Substantial speedup and reduction of network resource consumption will
become possible when the same search algorithm is converted to navigate
through a Web of servers instead of a Web of documents.
In order to implement such a search algorithm, WWW servers need to offer
a service similar to that provided by
GlimpseHTTP.
This paper highlights the properties, implementation and possible
future developments of a client-based search tool called the
fish-search, and compares it to other approaches.
The fish-search, implemented on top of Mosaic for X, offers an open-ended
selection of search criteria.
It allows the search to start from the "current" document or from the
documents in the user's hotlist.
To some extent, the loose organization of the WWW is both the key to its
success and the biggest problem when trying to join it
Documents in the WWW are uniquely identified by means of a
Universal Resource Locator (URL), which includes the name of the
server the documents resides on.
Documents may contain pointers (links) to other documents, possibly
on other servers.

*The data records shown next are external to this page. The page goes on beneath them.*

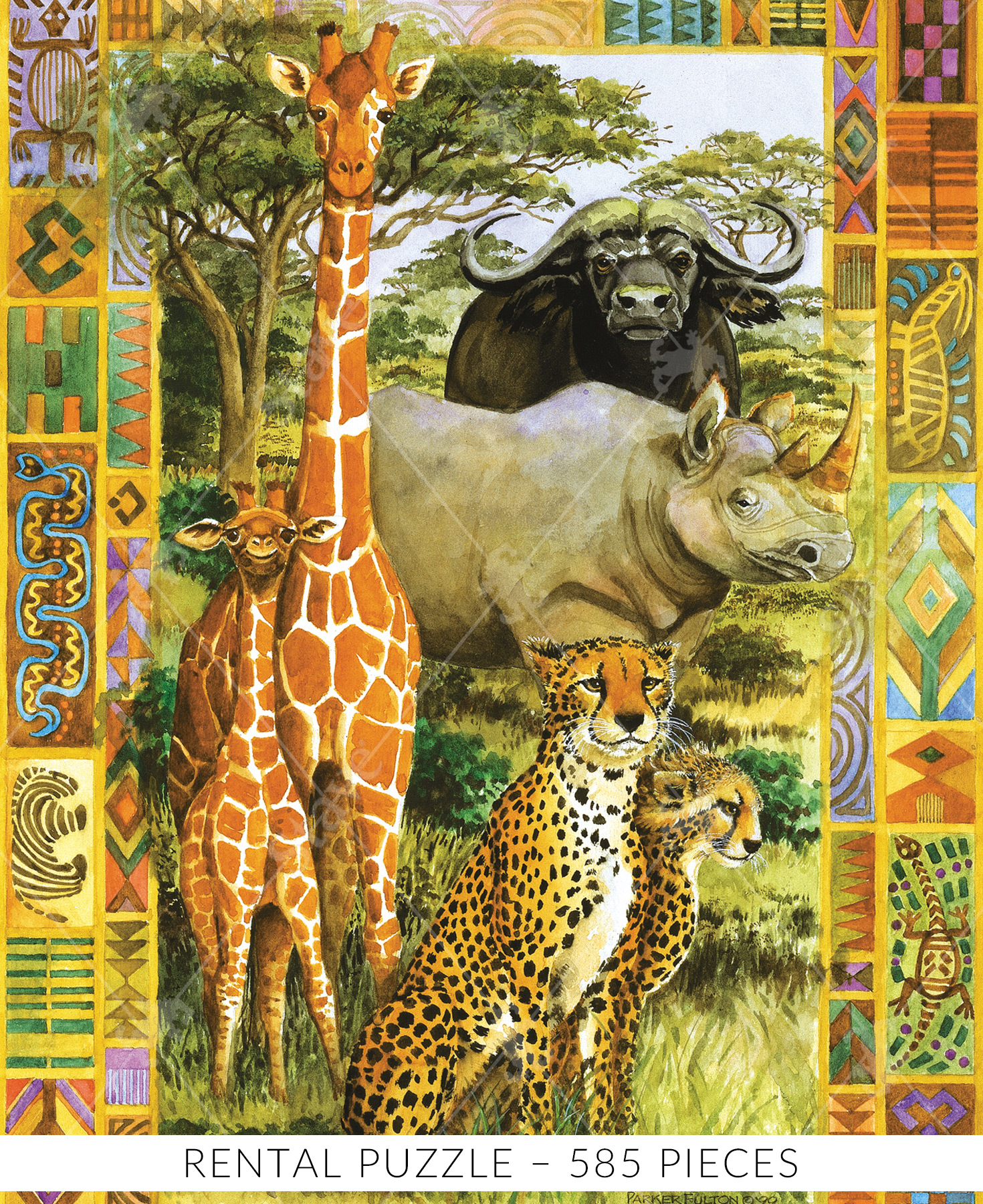 Bring the wild wonders of the savannah to life with the African Plains Wooden Jigsaw Puzzle! Assemble this lively tableau filled with iconic animals—swift cheetahs and elegant giraffes, a strong rhino, and an inquisitive water buffalo exploring its surroundings. This unfolds against the stunning backdrop of the African plains, beautifully encased in vibrant African patterns. Perfect for puzzle enthusiasts and wildlife lovers alike!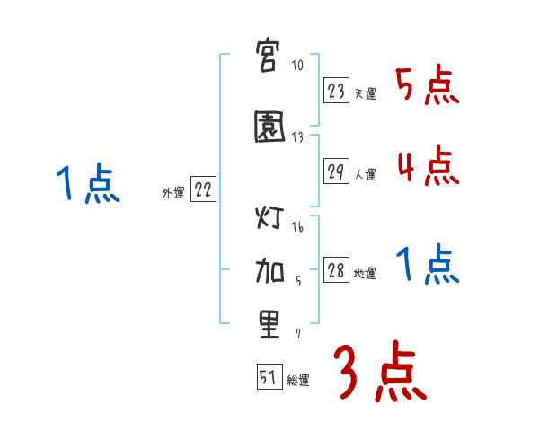 天運![]() | 宮園灯加里さんの天運は23画の5つ星!想像力に優れ活力がある。一代で成功し名誉を手に入れる。 家系が持つ宿命的な運勢を表します。祖先から受け継いだ苗字ですので自分の力が及びません。家柄を象徴します。 |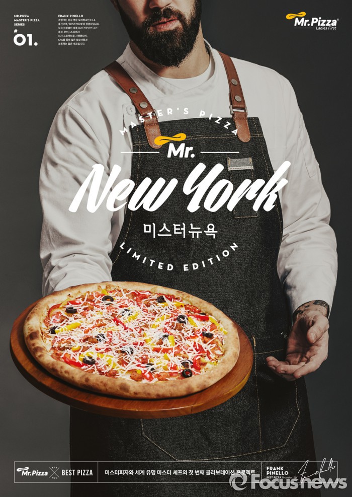 미스터 뉴욕은 마스터스 에디션(Master’s Edition) 프로젝트의 일환으로 프랭크 피넬로(Frank Pinelo) 셰프와 컬래버레이션을 통해 선보이는 제품이다. 프랭크 피넬로는 ‘BEST PIZZA’를 창업하고 홍콩·런던·로스앤젤레스 등에서 피자 컨설팅 프로젝트를 시행한 바 있는 피자 전문가다.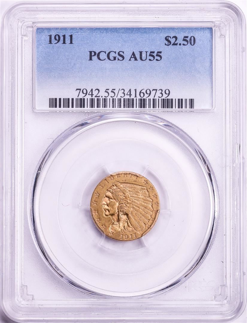 One 1911 $2 1/2 Indian Head Quarter Eagle Gold Coin PCGS AU55. PCGS Graded.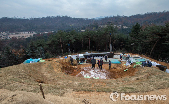 (서울=포커스뉴스) 27일 오전 서울 국립현충원 故 김영삼 전 대통령 묘역에서 인부들이 26일 안장된 김 전 대통령 묘지의 봉분을 만드는 작업을 하고 있다. 전날 안장식 후 봉분 등 대부분의 묘지 조성 작업은 마무리 됐지만 묘소 주변 조경의 마무리로 묘역이 완성된 모습을 갖추려면 한 달여가 더 걸릴 전망이다.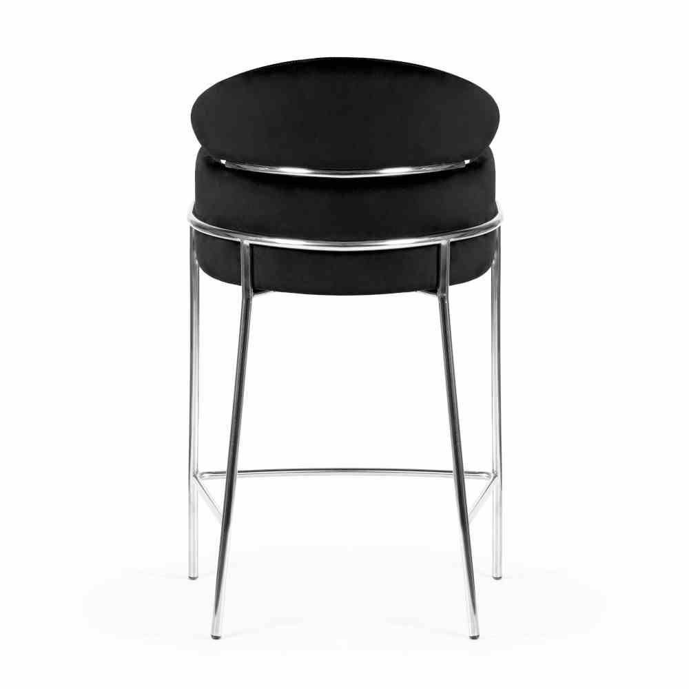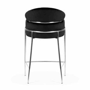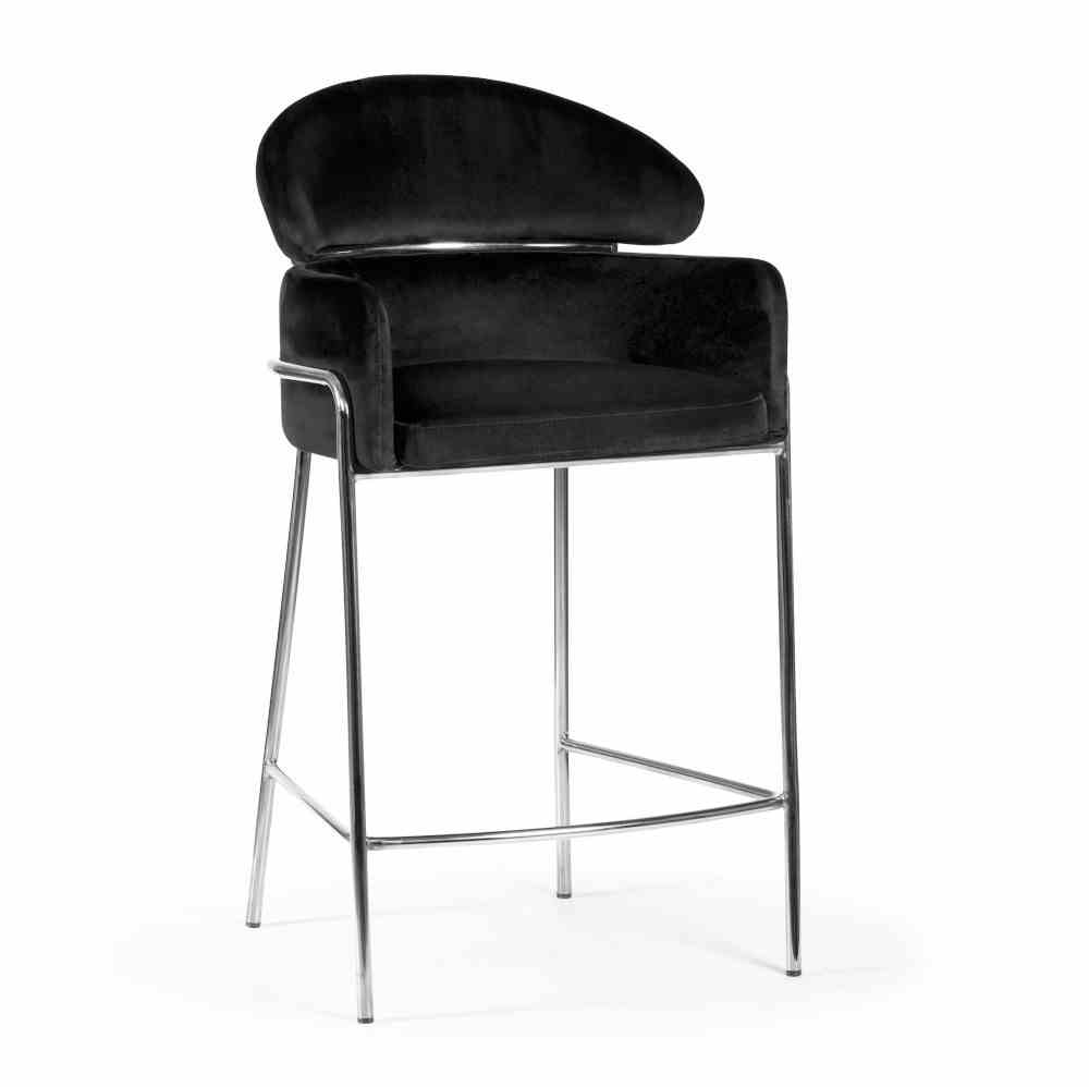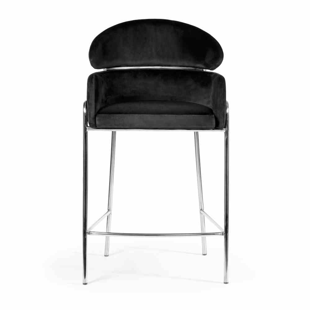 Hoker Breda to nowoczesne krzesło barowe tapicerowane krótkowłosym welwetem. Glamu bryle nadaje metalowa noga w kolorze srebrnym.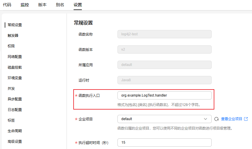 如图2所示,选择“设置 > 常规设置”,将“函数执行入口”参数设置为:org.example.logtest.handler,单击“保存”。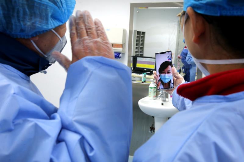 3月14日,韓傳恩與李婷一起同董娟進(jìn)行視頻連線合影。韓傳恩是商丘市第一人民醫(yī)院院長(zhǎng),也是河南第十一批援鄂醫(yī)療隊(duì)總隊(duì)長(zhǎng),負(fù)責(zé)支援武漢大學(xué)人民醫(yī)院危重癥病人的醫(yī)療救治工作。2009年,手足口病肆虐豫東,武漢大學(xué)人民醫(yī)院組織醫(yī)護(hù)隊(duì)員加入到國(guó)家專家團(tuán)隊(duì),趕赴商丘,克服重重困難,實(shí)現(xiàn)了患兒零死亡,扭轉(zhuǎn)了商丘在手足口病重癥救治上的被動(dòng)局面。韓傳恩在得知2009年曾經(jīng)到商丘市第一人民醫(yī)院支援手足口病救治工作的護(hù)士李婷、董娟正在抗擊新冠肺炎一線后,大家都很激動(dòng),感慨兩個(gè)團(tuán)隊(duì)時(shí)隔11年又能夠攜手并肩,為抗擊新型冠狀病毒肺炎一起戰(zhàn)斗。然而,董娟不慎感染新型冠狀病毒,目前正在治療康復(fù)中。韓傳恩與她視頻連線,鼓勵(lì)她保持樂觀心態(tài)戰(zhàn)勝病魔!拔覀兪菓阎卸鞯男膩淼轿錆h的,醫(yī)院第一時(shí)間組建了62人的危重癥救治專家團(tuán)隊(duì)!表n傳恩說,“2009年,河南遭受手足口病肆虐時(shí),武漢的醫(yī)務(wù)工作者第一時(shí)間奔赴河南,支援商丘的手足口病救治工作。如今武漢人民遇到困難,我們盡自己綿薄力量,與武漢人民一道共同戰(zhàn)勝疫情!保ê幽先?qǐng)?bào)記者 王錚攝)
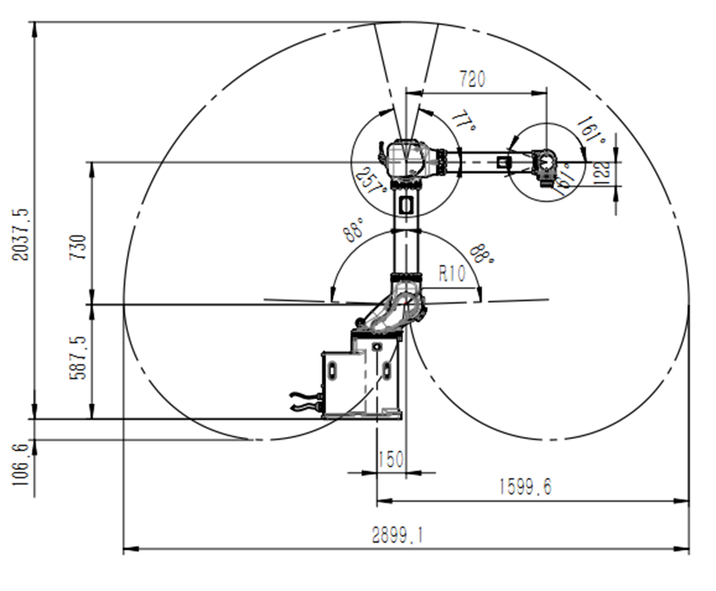 1、安裝占地面積小:機(jī)器人底座非常小,占地面積小于0.1㎡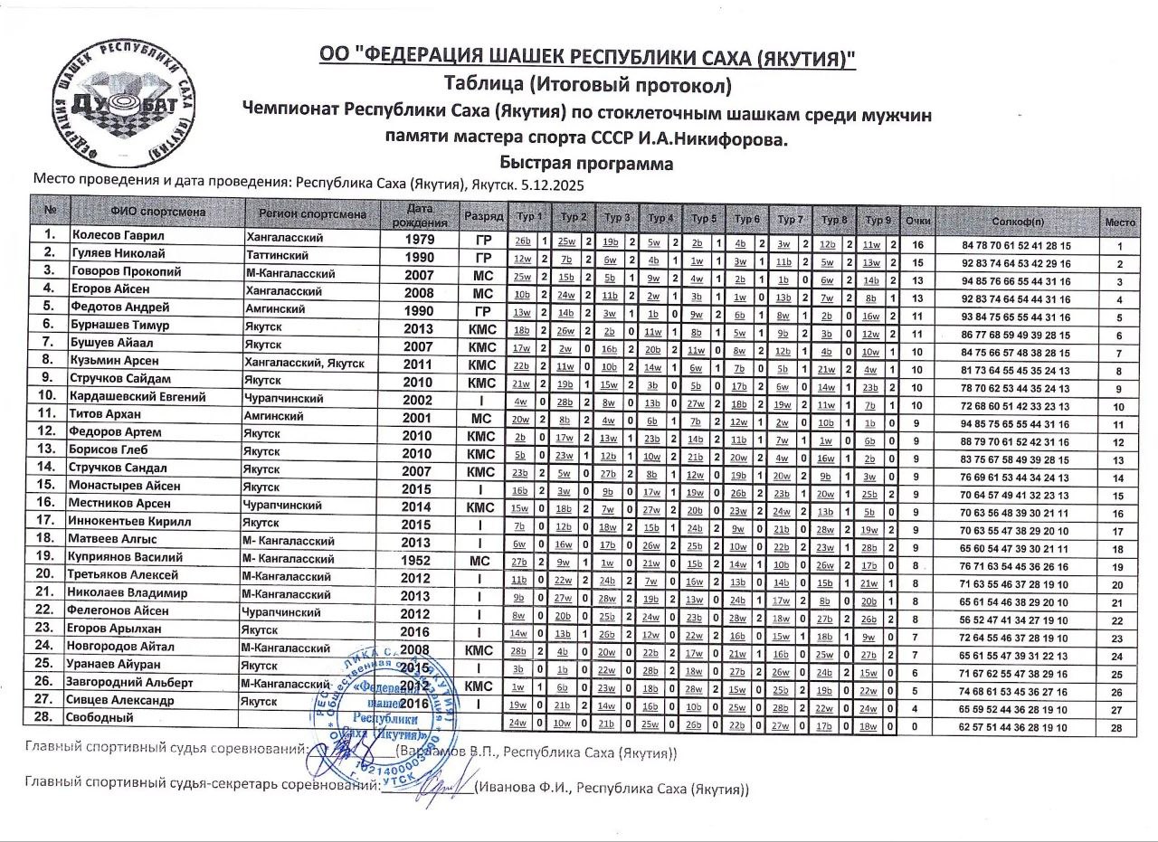 ОФИЦИАЛЬНЫЕ ИТОГОВЫЕ ТАБЛИЦЫ ЧЕМПИОНАТА РС(Я) ПО СТОКЛЕТОЧНЫМ ШАШКАМ!

The Web structure of documents and pointers makes the
WWW a Hypertext. Therefore we shall use the terms node and link
in the sequel, as is done in most hypertext literature [SK89].
The only access to information in the WWW is defined by means of the
HyperText Transfer Protocol (HTTP), which is used by the user's
(client) interface to retrieve nodes from a WWW server.
There is no protocol for asking a server what nodes it has, and no
protocol to find out which servers exist.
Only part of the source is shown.